> _What is needed_
In the listing below, the answer starts at the line that has "云就业服务。接入乐山市人才网" and stops after the line that has "Vanaf het eerste"; please repeat that part exactly and nothing more.

------ Source data

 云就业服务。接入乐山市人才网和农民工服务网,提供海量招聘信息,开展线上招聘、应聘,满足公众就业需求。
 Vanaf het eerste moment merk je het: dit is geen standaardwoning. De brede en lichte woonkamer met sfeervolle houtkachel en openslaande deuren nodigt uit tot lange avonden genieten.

------------
------ Source data

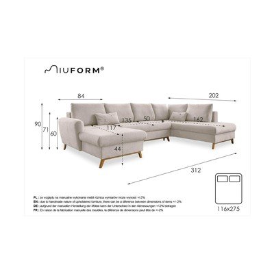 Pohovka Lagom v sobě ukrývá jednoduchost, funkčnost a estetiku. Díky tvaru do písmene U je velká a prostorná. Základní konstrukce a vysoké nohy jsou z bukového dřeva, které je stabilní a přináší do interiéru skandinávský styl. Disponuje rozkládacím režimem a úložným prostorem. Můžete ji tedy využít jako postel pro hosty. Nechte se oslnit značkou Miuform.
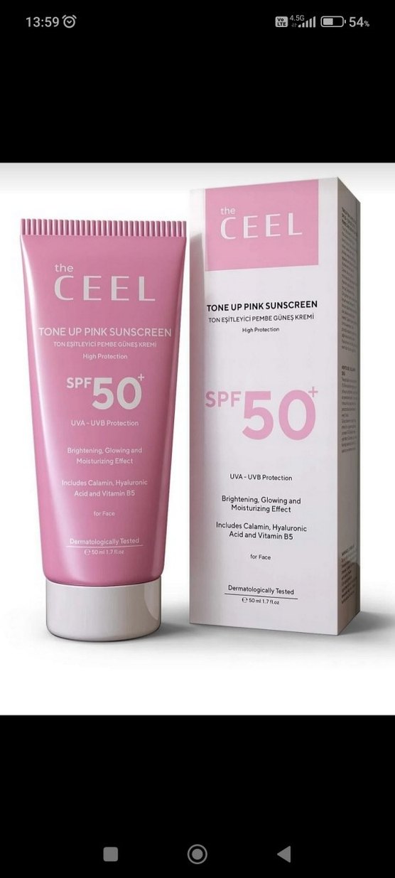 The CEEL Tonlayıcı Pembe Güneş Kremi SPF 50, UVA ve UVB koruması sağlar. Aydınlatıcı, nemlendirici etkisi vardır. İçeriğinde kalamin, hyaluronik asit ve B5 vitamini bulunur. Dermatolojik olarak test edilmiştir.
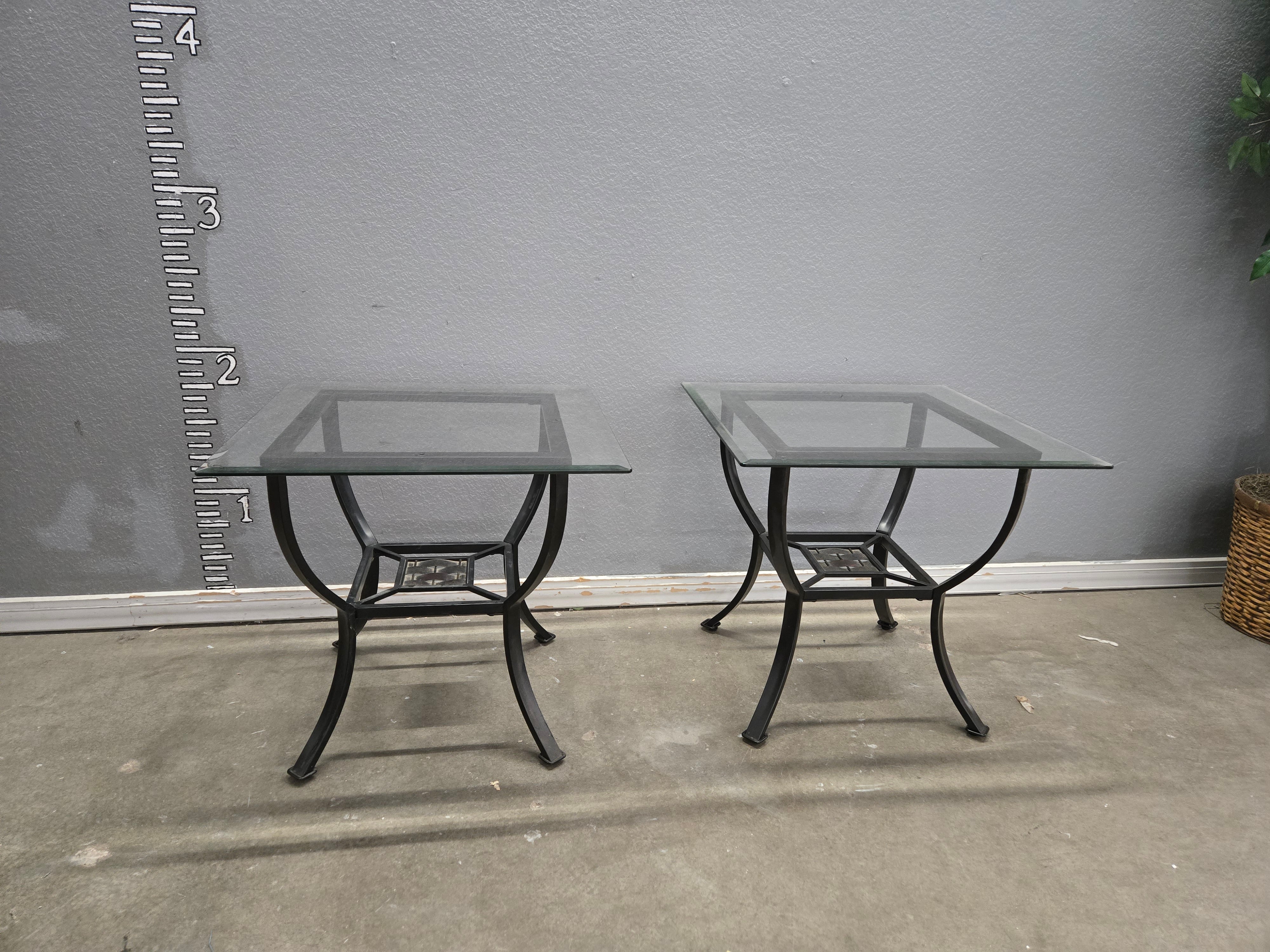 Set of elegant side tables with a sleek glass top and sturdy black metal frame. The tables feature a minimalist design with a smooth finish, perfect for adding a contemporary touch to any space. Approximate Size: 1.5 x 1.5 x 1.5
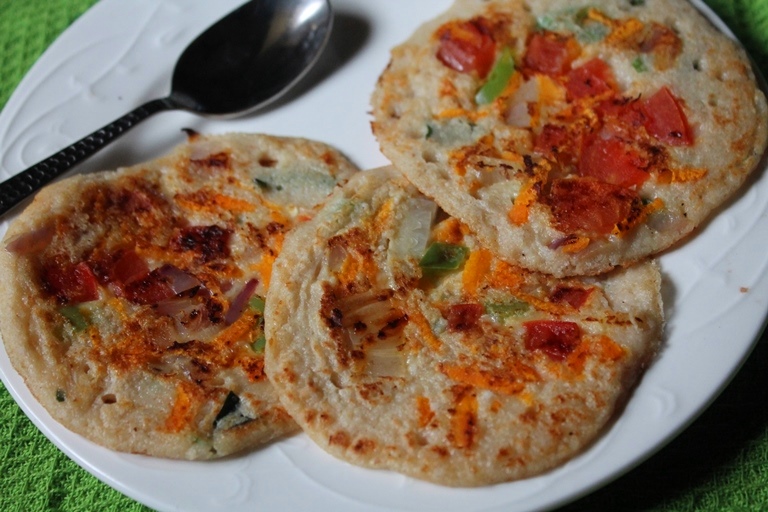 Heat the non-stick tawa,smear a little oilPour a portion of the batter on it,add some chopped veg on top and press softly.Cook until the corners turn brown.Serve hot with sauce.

------------

> _Output for this exercise_
 云就业服务。接入乐山市人才网和农民工服务网,提供海量招聘信息,开展线上招聘、应聘,满足公众就业需求。
 Vanaf het eerste moment merk je het: dit is geen standaardwoning. De brede en lichte woonkamer met sfeervolle houtkachel en openslaande deuren nodigt uit tot lange avonden genieten.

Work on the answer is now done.